User-Level Process towards Exascale Systems Akio Shimada [1], Atsushi Hori [1], Yutaka Ishikawa [1], Pavan Balaji [2] [1] RIKEN AICS, [2] Argonne National.

Slides:



Advertisements
Similar presentations
1 Overview Assignment 10: hints  Deadlocks & Scheduling Assignment 9: solution  Scheduling.
Advertisements

Chapter 4 Threads, SMP, and Microkernels Patricia Roy Manatee Community College, Venice, FL ©2008, Prentice Hall Operating Systems: Internals and Design.
Day 10 Threads. Threads and Processes  Process is seen as two entities Unit of resource allocation (process or task) Unit of dispatch or scheduling (thread.
Chapter 4: Threads. Overview Multithreading Models Threading Issues Pthreads Windows XP Threads.
Chapter 5 Processes and Threads Copyright © 2008.
1 Threads, SMP, and Microkernels Chapter 4. 2 Process: Some Info. Motivation for threads! Two fundamental aspects of a “process”: Resource ownership Scheduling.
Processes CSCI 444/544 Operating Systems Fall 2008.
Scheduler Activations Effective Kernel Support for the User-Level Management of Parallelism.
3.5 Interprocess Communication Many operating systems provide mechanisms for interprocess communication (IPC) –Processes must communicate with one another.
Threads 1 CS502 Spring 2006 Threads CS-502 Spring 2006.
Based on Silberschatz, Galvin and Gagne  2009 Threads Definition and motivation Multithreading Models Threading Issues Examples.
3.5 Interprocess Communication
Threads CSCI 444/544 Operating Systems Fall 2008.
1 Last Class: Introduction Operating system = interface between user & architecture Importance of OS OS history: Change is only constant User-level Applications.
Real-Time Kernels and Operating Systems. Operating System: Software that coordinates multiple tasks in processor, including peripheral interfacing Types.
 2004 Deitel & Associates, Inc. All rights reserved. Chapter 4 – Thread Concepts Outline 4.1 Introduction 4.2Definition of Thread 4.3Motivation for Threads.
Threads. Processes and Threads  Two characteristics of “processes” as considered so far: Unit of resource allocation Unit of dispatch  Characteristics.

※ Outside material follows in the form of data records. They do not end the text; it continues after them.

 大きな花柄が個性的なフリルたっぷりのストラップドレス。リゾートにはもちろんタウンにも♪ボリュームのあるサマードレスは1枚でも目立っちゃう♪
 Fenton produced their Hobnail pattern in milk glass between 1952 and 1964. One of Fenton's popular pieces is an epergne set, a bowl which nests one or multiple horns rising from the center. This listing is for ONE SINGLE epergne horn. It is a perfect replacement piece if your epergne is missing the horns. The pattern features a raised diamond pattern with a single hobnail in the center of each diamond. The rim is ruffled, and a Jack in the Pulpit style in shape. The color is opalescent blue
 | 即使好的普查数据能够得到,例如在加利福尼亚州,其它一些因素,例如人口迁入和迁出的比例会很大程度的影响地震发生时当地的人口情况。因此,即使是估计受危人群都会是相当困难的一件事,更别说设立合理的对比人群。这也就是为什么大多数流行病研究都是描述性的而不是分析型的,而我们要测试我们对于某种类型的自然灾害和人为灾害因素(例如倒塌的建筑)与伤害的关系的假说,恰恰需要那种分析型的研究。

Process Concept An operating system executes a variety of programs
A. Frank - P. Weisberg Operating Systems Introduction to Tasks/Threads.
1 Threads Chapter 4 Reading: 4.1,4.4, Process Characteristics l Unit of resource ownership - process is allocated: n a virtual address space to.

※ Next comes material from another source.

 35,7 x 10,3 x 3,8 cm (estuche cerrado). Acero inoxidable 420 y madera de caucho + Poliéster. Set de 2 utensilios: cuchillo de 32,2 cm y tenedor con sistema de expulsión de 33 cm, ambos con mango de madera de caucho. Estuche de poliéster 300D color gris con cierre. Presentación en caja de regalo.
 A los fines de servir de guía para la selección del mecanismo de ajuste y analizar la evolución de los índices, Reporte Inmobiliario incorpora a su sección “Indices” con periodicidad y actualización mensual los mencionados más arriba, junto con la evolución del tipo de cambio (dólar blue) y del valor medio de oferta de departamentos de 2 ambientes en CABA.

Threads Chapter 4. Modern Process & Thread –Process is an infrastructure in which execution takes place  (address space + resources) –Thread is a program.
ThreadsThreads operating systems. ThreadsThreads A Thread, or thread of execution, is the sequence of instructions being executed. A process may have.
1 MPI-2 and Threads. 2 What are Threads? l Executing program (process) is defined by »Address space »Program Counter l Threads are multiple program counters.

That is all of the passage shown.